## **Pytorch-Geometric Benchmarks**
- More deeply implements about default benchmark graph datasets of the pytorch-geometric

In [1]:
import torch
import numpy as np
from torch_geometric.data import Data

## **TUDataset**
- A variety of graph kernel benchmark datasets, .e.g. **“IMDB-BINARY”**, **“REDDIT-BINARY”** or **“PROTEINS”**, collected from the TU Dortmund University. 
- This dataset wrapper provides cleaned dataset versions as motivated by the “Understanding Isomorphism Bias in Graph Data Sets” paper, **containing only non-isomorphic graphs**.
- In this project, we will use the **PROTEINS** dataset for ***graph classification***

In [2]:
from torch_geometric.datasets import TUDataset

In [3]:
dataset_PROTEINS_full = TUDataset(root='/tmp/PROTEINS_full', name='PROTEINS_full', use_node_attr=True, use_edge_attr=True)
print(dataset_PROTEINS_full)
print(dataset_PROTEINS_full[0])

PROTEINS_full(1113)
Data(edge_index=[2, 162], x=[42, 32], y=[1])


#### *Original Source Code of the Dataset*

In [4]:
import os
import os.path as osp
import shutil
import torch
from torch_geometric.data import InMemoryDataset, download_url, extract_zip, DataLoader
from torch_geometric.io import read_tu_data

class TUDataset(InMemoryDataset):
    r"""A variety of graph kernel benchmark datasets, *.e.g.* "IMDB-BINARY",
    "REDDIT-BINARY" or "PROTEINS", collected from the `TU Dortmund University
    <https://chrsmrrs.github.io/datasets>`_.
    In addition, this dataset wrapper provides `cleaned dataset versions
    <https://github.com/nd7141/graph_datasets>`_ as motivated by the
    `"Understanding Isomorphism Bias in Graph Data Sets"
    <https://arxiv.org/abs/1910.12091>`_ paper, containing only non-isomorphic
    graphs.

    .. note::
        Some datasets may not come with any node labels.
        You can then either make use of the argument :obj:`use_node_attr`
        to load additional continuous node attributes (if present) or provide
        synthetic node features using transforms such as
        like :class:`torch_geometric.transforms.Constant` or
        :class:`torch_geometric.transforms.OneHotDegree`.

    Args:
        root (string): Root directory where the dataset should be saved.
        name (string): The `name
            <https://chrsmrrs.github.io/datasets/docs/datasets/>`_ of the
            dataset.
        transform (callable, optional): A function/transform that takes in an
            :obj:`torch_geometric.data.Data` object and returns a transformed
            version. The data object will be transformed before every access.
            (default: :obj:`None`)
        pre_transform (callable, optional): A function/transform that takes in
            an :obj:`torch_geometric.data.Data` object and returns a
            transformed version. The data object will be transformed before
            being saved to disk. (default: :obj:`None`)
        pre_filter (callable, optional): A function that takes in an
            :obj:`torch_geometric.data.Data` object and returns a boolean
            value, indicating whether the data object should be included in the
            final dataset. (default: :obj:`None`)
        use_node_attr (bool, optional): If :obj:`True`, the dataset will
            contain additional continuous node attributes (if present).
            (default: :obj:`False`)
        use_edge_attr (bool, optional): If :obj:`True`, the dataset will
            contain additional continuous edge attributes (if present).
            (default: :obj:`False`)
        cleaned: (bool, optional): If :obj:`True`, the dataset will
            contain only non-isomorphic graphs. (default: :obj:`False`)
    """

    url = ('http://ls11-www.cs.tu-dortmund.de/people/morris/'
           'graphkerneldatasets')
    cleaned_url = ('https://raw.githubusercontent.com/nd7141/'
                   'graph_datasets/master/datasets')

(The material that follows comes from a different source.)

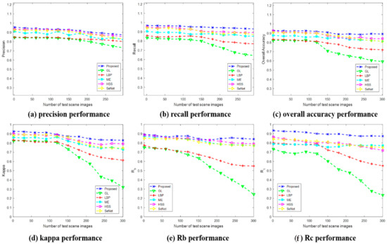 Performance comparison analysis based on selected dataset. (a) is precision performance of selected dataset, (b) is recall performance of selected dataset, (c) is overall accuracy performance of selected dataset, (d) is precision performance of selected dataset, (e) is Rb performance of selected dataset, (f) is Rc performance of selected dataset.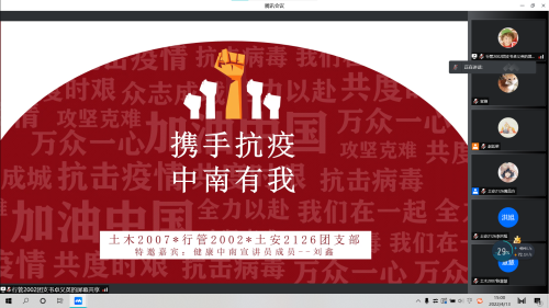 4月13日,三个班级共同开展线上抗疫宣讲活动,邀请健康中南宣讲团宣讲员刘鑫为同学们讲解抗疫相关知识。会前,土安与土木班两位团支书介绍了当下疫情的严峻形势,以此加强同学们对于防疫工作的重视程度,提高同学们在疫情期间的自我安全防范意识。线上会议开始,讲解员刘鑫为大家生动细致地讲解了当下国内防疫情况与我校采取的系列举措,帮助同学们更全面地了解个人防疫知识,不少人表示在这次宣讲活动中受益匪浅。接下来的知识问答环节中,主持人提出了一个又一个与抗疫相关的问题,同学们争先恐后有序参与抢答,线上会场活跃不已,气氛热烈非凡。

    def __init__(self, root, name, transform=None, pre_transform=None,
                 pre_filter=None, use_node_attr=False, use_edge_attr=False,
                 cleaned=False):
        self.name = name
        self.cleaned = cleaned
        super(TUDataset, self).__init__(root, transform, pre_transform,
                                        pre_filter)
        self.data, self.slices = torch.load(self.processed_paths[0])
        if self.data.x is not None and not use_node_attr:
            num_node_attributes = self.num_node_attributes
            self.data.x = self.data.x[:, num_node_attributes:]
        if self.data.edge_attr is not None and not use_edge_attr:
            num_edge_attributes = self.num_edge_attributes
            self.data.edge_attr = self.data.edge_attr[:, num_edge_attributes:]

    @property
    def raw_dir(self):
        name = 'raw{}'.format('_cleaned' if self.cleaned else '')
        return osp.join(self.root, self.name, name)

    @property
    def processed_dir(self):
        name = 'processed{}'.format('_cleaned' if self.cleaned else '')
        return osp.join(self.root, self.name, name)

    @property
    def num_node_labels(self):
        if self.data.x is None:
            return 0
        for i in range(self.data.x.size(1)):
            x = self.data.x[:, i:]
            if ((x == 0) | (x == 1)).all() and (x.sum(dim=1) == 1).all():
                return self.data.x.size(1) - i
        return 0

    @property
    def num_node_attributes(self):
        if self.data.x is None:
            return 0
        return self.data.x.size(1) - self.num_node_labels

    @property
    def num_edge_labels(self):
        if self.data.edge_attr is None:
            return 0
        for i in range(self.data.edge_attr.size(1)):
            if self.data.edge_attr[:, i:].sum() == self.data.edge_attr.size(0):
                return self.data.edge_attr.size(1) - i
        return 0

    @property
    def num_edge_attributes(self):
        if self.data.edge_attr is None:
            return 0
        return self.data.edge_attr.size(1) - self.num_edge_labels

    @property
    def raw_file_names(self):
        names = ['A', 'graph_indicator']
        return ['{}_{}.txt'.format(self.name, name) for name in names]

    @property
    def processed_file_names(self):
        return 'data.pt'

    def download(self):
        url = self.cleaned_url if self.cleaned else self.url
        folder = osp.join(self.root, self.name)
        path = download_url('{}/{}.zip'.format(url, self.name), folder)
        extract_zip(path, folder)
        os.unlink(path)
        shutil.rmtree(self.raw_dir)
        os.rename(osp.join(folder, self.name), self.raw_dir)

    def process(self):
        self.data, self.slices = read_tu_data(self.raw_dir, self.name)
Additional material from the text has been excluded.